::: Data for the task :::

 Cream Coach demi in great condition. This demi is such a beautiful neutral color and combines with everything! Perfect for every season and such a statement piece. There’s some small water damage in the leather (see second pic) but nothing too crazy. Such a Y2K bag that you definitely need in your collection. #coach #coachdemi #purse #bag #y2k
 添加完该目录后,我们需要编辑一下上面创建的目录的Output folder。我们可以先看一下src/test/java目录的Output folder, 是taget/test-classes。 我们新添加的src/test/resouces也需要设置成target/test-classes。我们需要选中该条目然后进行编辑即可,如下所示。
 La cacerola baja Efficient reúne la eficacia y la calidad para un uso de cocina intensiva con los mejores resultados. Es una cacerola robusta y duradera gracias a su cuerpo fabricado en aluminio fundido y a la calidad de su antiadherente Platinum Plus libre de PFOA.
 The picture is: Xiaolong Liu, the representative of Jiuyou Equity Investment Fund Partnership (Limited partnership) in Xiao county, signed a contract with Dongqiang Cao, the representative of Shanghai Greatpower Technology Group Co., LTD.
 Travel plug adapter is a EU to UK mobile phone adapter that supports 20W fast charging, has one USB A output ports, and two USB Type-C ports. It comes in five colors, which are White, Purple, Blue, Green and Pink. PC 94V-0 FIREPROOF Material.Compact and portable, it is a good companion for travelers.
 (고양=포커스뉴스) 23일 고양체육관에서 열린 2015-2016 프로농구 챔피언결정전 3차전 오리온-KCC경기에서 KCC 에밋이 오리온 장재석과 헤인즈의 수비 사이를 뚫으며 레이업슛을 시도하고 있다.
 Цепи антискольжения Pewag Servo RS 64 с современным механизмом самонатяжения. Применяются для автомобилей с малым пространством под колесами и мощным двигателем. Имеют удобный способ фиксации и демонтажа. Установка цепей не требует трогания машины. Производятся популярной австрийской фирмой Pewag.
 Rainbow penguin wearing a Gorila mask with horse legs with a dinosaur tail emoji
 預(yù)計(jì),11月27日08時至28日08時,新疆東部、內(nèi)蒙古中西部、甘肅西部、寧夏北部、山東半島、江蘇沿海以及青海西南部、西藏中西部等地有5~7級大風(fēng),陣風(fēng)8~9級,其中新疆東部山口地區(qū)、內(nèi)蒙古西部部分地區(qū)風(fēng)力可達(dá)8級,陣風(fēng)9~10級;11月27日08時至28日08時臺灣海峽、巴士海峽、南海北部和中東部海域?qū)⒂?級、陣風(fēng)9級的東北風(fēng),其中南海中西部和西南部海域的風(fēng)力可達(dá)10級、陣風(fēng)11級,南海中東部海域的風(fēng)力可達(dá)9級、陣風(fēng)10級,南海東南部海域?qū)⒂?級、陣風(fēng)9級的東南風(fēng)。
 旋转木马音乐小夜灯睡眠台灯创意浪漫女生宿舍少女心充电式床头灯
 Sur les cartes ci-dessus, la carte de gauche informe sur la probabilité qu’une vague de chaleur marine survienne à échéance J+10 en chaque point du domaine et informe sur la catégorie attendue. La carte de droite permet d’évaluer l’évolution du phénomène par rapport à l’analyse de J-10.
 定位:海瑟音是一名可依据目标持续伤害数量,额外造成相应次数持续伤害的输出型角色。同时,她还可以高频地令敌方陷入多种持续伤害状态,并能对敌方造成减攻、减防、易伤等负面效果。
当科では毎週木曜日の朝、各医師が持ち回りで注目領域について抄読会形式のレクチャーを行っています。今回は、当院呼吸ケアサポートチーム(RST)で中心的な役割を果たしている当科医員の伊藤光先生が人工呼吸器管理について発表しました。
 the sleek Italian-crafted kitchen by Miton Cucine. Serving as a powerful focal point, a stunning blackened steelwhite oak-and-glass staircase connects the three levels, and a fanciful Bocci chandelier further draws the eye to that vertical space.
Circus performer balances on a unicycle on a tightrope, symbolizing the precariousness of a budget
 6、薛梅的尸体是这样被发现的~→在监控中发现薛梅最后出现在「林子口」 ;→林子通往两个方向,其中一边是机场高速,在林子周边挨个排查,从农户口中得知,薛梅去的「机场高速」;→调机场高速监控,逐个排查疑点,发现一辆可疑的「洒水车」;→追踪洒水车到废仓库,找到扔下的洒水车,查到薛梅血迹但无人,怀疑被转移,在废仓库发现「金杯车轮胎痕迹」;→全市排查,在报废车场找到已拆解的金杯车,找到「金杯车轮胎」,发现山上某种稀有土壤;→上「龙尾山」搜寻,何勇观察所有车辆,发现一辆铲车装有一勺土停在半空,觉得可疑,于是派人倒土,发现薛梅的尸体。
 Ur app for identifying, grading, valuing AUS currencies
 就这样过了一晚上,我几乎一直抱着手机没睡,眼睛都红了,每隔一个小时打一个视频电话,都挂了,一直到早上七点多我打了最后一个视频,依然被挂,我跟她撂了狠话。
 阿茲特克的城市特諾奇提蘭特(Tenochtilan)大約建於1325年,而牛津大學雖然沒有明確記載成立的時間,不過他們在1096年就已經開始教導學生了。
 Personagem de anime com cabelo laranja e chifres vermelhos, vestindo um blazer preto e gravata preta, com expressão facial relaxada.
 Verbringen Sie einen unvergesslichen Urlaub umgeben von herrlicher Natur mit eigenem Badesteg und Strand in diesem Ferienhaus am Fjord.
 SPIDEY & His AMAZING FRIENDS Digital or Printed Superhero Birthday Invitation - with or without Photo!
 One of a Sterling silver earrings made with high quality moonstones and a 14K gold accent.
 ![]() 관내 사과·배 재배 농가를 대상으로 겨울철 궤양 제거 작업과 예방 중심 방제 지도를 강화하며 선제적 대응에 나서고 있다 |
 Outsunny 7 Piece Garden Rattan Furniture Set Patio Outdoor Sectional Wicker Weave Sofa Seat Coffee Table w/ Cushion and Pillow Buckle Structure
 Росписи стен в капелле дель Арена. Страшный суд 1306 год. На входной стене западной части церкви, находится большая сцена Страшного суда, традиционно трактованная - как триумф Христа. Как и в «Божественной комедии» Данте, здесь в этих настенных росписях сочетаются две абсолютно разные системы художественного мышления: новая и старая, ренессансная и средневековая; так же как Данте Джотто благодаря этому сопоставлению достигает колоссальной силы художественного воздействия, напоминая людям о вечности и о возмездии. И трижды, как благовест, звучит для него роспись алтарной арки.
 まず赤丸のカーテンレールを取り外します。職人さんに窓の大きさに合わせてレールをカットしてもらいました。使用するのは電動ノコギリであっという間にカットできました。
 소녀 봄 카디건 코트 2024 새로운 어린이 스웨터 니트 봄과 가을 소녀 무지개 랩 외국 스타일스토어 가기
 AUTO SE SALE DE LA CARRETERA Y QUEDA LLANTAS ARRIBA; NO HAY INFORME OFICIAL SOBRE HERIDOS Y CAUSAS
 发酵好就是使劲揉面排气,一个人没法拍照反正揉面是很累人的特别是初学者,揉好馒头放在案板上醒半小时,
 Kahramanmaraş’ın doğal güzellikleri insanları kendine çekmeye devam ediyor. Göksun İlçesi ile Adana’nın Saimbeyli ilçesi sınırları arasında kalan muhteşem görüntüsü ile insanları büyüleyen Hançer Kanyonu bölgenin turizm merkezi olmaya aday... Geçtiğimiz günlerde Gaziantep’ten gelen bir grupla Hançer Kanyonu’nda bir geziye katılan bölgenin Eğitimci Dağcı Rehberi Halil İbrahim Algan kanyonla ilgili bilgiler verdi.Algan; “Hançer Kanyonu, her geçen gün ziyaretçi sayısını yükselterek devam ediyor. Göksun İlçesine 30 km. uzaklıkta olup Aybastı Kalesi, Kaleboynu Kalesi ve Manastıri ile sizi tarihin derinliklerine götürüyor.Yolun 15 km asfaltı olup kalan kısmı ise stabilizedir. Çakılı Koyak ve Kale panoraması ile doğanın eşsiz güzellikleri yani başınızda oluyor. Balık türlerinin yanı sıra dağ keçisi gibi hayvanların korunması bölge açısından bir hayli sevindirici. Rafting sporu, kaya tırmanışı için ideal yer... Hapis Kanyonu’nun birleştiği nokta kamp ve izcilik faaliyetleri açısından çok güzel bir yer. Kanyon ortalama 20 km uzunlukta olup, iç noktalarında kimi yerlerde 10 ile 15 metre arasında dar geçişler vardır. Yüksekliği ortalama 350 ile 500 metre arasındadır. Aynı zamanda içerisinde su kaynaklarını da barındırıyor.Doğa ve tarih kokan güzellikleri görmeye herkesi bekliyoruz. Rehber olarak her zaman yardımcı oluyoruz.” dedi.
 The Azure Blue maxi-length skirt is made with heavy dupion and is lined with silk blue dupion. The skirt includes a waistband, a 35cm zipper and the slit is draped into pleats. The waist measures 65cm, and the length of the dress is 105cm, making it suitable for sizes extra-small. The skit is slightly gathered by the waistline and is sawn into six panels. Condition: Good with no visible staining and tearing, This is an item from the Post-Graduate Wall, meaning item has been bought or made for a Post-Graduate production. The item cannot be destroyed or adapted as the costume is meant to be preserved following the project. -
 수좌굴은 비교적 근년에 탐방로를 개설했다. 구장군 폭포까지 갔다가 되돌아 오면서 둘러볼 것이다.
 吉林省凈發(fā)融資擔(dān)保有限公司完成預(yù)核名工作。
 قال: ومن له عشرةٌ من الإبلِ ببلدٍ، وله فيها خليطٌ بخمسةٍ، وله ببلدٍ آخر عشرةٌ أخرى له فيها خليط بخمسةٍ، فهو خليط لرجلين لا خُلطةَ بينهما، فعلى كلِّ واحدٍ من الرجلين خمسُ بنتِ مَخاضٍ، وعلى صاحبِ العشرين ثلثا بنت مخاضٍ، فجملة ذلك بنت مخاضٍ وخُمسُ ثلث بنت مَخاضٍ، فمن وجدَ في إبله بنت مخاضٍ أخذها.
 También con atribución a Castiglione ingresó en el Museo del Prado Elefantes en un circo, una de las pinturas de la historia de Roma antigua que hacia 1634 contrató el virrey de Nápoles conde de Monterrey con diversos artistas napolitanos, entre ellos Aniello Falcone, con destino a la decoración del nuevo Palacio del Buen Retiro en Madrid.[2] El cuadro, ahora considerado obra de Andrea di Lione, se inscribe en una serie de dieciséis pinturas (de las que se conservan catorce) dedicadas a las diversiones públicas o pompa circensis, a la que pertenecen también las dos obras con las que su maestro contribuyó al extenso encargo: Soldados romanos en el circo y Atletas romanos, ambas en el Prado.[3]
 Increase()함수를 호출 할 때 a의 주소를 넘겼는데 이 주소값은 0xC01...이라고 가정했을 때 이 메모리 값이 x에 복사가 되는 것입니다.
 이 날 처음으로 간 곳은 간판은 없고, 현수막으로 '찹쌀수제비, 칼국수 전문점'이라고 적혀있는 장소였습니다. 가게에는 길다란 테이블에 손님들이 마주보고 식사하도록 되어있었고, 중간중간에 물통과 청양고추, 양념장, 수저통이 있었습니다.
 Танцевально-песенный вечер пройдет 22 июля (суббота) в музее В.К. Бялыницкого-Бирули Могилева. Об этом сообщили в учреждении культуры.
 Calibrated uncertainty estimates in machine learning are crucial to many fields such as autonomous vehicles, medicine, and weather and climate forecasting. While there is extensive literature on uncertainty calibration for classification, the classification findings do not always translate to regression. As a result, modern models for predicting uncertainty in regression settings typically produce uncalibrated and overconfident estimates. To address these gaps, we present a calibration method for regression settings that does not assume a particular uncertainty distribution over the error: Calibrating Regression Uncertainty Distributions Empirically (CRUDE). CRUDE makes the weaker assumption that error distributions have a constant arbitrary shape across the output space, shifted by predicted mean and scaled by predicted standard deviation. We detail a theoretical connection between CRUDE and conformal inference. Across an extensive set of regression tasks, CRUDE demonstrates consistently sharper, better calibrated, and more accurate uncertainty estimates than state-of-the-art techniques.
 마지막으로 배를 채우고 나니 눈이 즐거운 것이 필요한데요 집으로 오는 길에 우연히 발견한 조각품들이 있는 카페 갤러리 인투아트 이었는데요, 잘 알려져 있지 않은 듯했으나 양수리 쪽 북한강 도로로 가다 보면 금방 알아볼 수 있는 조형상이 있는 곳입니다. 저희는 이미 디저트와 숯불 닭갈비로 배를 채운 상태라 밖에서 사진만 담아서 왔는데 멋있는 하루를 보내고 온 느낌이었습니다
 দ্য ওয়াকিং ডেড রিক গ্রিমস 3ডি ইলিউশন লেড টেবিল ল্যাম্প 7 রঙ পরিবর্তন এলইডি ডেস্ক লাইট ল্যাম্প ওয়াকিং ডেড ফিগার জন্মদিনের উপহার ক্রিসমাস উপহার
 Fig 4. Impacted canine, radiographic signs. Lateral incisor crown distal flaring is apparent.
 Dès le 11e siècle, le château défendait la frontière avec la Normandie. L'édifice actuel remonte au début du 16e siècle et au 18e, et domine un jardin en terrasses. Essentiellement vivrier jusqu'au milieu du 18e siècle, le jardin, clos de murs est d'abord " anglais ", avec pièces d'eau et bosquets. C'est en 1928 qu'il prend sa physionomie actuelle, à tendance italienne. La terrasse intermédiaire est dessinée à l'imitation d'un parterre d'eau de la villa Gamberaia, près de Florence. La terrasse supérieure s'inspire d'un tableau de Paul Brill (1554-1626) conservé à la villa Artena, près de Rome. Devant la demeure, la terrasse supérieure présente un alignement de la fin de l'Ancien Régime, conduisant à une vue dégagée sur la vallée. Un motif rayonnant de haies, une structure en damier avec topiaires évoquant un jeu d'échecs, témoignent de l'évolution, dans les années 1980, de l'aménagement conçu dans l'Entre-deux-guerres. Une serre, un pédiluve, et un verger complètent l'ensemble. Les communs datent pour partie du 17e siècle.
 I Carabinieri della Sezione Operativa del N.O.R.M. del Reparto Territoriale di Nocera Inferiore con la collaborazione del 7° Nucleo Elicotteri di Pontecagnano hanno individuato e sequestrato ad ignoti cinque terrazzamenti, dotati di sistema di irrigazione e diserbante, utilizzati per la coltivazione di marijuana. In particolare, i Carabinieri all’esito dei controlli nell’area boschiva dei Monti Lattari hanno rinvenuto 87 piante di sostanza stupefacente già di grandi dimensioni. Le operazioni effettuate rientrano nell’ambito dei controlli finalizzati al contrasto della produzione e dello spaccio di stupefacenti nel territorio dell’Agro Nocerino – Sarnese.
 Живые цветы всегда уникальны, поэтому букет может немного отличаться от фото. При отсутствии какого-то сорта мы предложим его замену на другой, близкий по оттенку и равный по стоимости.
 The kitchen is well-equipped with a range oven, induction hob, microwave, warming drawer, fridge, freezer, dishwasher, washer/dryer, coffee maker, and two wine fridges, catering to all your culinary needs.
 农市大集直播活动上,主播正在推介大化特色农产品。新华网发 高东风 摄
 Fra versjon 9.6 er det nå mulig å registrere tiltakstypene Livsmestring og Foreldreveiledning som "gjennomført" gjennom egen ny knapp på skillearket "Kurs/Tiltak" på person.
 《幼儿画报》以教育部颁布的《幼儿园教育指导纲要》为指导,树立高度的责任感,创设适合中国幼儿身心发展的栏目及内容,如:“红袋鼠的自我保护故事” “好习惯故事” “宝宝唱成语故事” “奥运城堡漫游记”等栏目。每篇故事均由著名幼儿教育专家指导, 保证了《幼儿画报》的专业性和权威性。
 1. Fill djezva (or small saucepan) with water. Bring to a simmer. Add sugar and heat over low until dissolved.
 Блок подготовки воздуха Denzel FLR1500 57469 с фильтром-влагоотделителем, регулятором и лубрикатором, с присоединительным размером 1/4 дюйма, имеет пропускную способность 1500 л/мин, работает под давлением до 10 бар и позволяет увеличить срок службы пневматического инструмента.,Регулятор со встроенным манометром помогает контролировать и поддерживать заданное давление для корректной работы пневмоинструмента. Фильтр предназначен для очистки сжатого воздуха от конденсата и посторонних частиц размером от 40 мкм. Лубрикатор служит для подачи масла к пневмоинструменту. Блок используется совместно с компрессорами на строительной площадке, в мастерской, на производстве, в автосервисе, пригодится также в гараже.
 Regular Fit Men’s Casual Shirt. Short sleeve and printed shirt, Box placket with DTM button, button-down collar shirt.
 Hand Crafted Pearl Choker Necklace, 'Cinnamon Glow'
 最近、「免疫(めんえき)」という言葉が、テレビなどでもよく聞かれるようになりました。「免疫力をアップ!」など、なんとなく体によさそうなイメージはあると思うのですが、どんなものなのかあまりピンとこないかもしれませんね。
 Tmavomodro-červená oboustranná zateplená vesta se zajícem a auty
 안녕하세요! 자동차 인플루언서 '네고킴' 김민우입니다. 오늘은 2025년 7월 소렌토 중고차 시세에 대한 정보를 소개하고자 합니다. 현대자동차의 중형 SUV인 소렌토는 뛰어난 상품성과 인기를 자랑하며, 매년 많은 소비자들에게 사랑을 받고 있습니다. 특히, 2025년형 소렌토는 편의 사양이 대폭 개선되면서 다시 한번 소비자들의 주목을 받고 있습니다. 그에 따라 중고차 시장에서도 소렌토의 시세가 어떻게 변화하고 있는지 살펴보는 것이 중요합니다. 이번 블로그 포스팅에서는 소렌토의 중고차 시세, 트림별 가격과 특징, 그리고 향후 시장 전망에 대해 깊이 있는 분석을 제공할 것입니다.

:::

* [What you are asked to do]: Take the stretch of lines above from the one containing "吉林省凈發(fā)融資擔(dān)保有限公司完成預(yù)核名工作。" through the one containing "Танцевально-песенный вечер пройдет" and repeat it exactly, adding no other line.

* [Exercise result]:
 吉林省凈發(fā)融資擔(dān)保有限公司完成預(yù)核名工作。
 قال: ومن له عشرةٌ من الإبلِ ببلدٍ، وله فيها خليطٌ بخمسةٍ، وله ببلدٍ آخر عشرةٌ أخرى له فيها خليط بخمسةٍ، فهو خليط لرجلين لا خُلطةَ بينهما، فعلى كلِّ واحدٍ من الرجلين خمسُ بنتِ مَخاضٍ، وعلى صاحبِ العشرين ثلثا بنت مخاضٍ، فجملة ذلك بنت مخاضٍ وخُمسُ ثلث بنت مَخاضٍ، فمن وجدَ في إبله بنت مخاضٍ أخذها.
 También con atribución a Castiglione ingresó en el Museo del Prado Elefantes en un circo, una de las pinturas de la historia de Roma antigua que hacia 1634 contrató el virrey de Nápoles conde de Monterrey con diversos artistas napolitanos, entre ellos Aniello Falcone, con destino a la decoración del nuevo Palacio del Buen Retiro en Madrid.[2] El cuadro, ahora considerado obra de Andrea di Lione, se inscribe en una serie de dieciséis pinturas (de las que se conservan catorce) dedicadas a las diversiones públicas o pompa circensis, a la que pertenecen también las dos obras con las que su maestro contribuyó al extenso encargo: Soldados romanos en el circo y Atletas romanos, ambas en el Prado.[3]
 Increase()함수를 호출 할 때 a의 주소를 넘겼는데 이 주소값은 0xC01...이라고 가정했을 때 이 메모리 값이 x에 복사가 되는 것입니다.
 이 날 처음으로 간 곳은 간판은 없고, 현수막으로 '찹쌀수제비, 칼국수 전문점'이라고 적혀있는 장소였습니다. 가게에는 길다란 테이블에 손님들이 마주보고 식사하도록 되어있었고, 중간중간에 물통과 청양고추, 양념장, 수저통이 있었습니다.
 Танцевально-песенный вечер пройдет 22 июля (суббота) в музее В.К. Бялыницкого-Бирули Могилева. Об этом сообщили в учреждении культуры.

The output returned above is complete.